We calculate the similarity between sensor representations \(O_{i}\) and \(O_{j}\) for each time stamp

$$ e_{ij} = \frac{{O_{i}^{{\text{T}}} O_{j} }}{{\left\| {O_{i} } \right\| \cdot \left\| {O_{j} } \right\|}}. $$
(10)
$$ A_{ji} = 1\left\{ {j \in topK\left( {\left\{ {e_{ki} :k \in {\mathcal{C}}_{i} } \right\}} \right)} \right\}. $$
(11)

For a given sensor node\(i\), we select the top \(K\) nodes with the highest similarity to as the candidate relations \({\mathcal{C}}_{i}\), where \(A_{ij}\) represents an edge from node \(i\) to node\(j\), so as to obtain the homogeneous graph with only one node type and edge type \(G\left( {O,A} \right)\).

In actual industrial systems, the various models of sensor functions can be placed in one of two categories according to the nature of their work. One is to perform control operations, and the other to monitor the indicators of the working environment, which we, respectively, call actuators and monitors, and we classify nodes according to these attributes. According to the node classification, we can get two types of edges, which connect nodes of either the same or different type. This constitutes our heterogeneous association graph \({G}_{0}(O,A,\alpha ,\beta )\), where \(\alpha \) and \(\beta \), respectively, denote node and edge types.

Graph contrastive learning

Our main goal of graph contrastive learning based on the heterogeneous graph \({G}_{0}\) is to find beneficial spatio constraints. Its two main steps are data augmentation and sampling. We perform an initial spatio embedding of the original data of the graph nodes into the \({d}_{1}\)-dimensional space to obtain a representation of any node in the graph \({G}_{0}\), denoted as \({v}_{i}, {v}_{i}\in {G}_{0}{, v}_{i} \in {\mathbb{R}}^{{d}_{1}}\). It is worth noting that we do not introduce sensor sequence embedding information here, and \({O}_{i}\) is only used to learn the graph structure.
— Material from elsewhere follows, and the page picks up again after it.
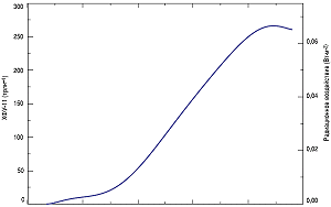 ![]() Рисунок ТР-12. Глобальное среднее содержание (ППТ) ХФУ-11 (CFCl3) в атмосфере в период с 1950 г. по 1998 г., рассчитанное на основе сглаженных данных измерений и результатов моделей выбросов. Радиационное воздействие ХФУ-11 показано на оси справа. [Основано на рисунке 4.6] |

We randomly lose a certain number of edges and node features in the graph \({G}_{0}\) with mask ratio ε. Then, we repeat this operation twice to obtain two new graphs \({G}_{1}\) and \({G}_{2}\). We next perform message aggregation and node updating for the two graphs by GNN, and for any node \({v}_{i}\), we obtain its re-characterization as

$${v}_{i}^{l+1}= \sigma \left(\sum_{r\in R}\sum_{j\in {N}_{i}^{r}}\frac{1}{{C}_{i,r}}{W}_{r}^{l}{v}_{j}^{l}+ {W}_{0}^{l}{v}_{i}^{l}\right),$$
(12)

where \({v}_{i}^{l+1}\) is the feature vector of node \(i\) in layer \(l\), \(R\) is the set of relations, \({W}_{r}^{l}\) is the weight matrix of relations in layer \(i\), \({W}_{0}^{l}\) is the bias vector in layer \(l\), \({C}_{i,r}\) the normalization factor, and \({N}_{i}^{r}\) is the set of nodes whose relation to node \(i\) is \(r\). In simpler terms, during the encoding process for each node, we calculate its feature vector by taking a weighted sum of the feature vectors of all the nodes connected to it in the previous layer. The weights assigned to each node feature vector are determined by a weight matrix associated with their relationship, along with a bias vector. This weighted sum is passed through a nonlinear activation function to introduce nonlinearity. Throughout this process, the weights undergo normalization to mitigate the influence of node degrees.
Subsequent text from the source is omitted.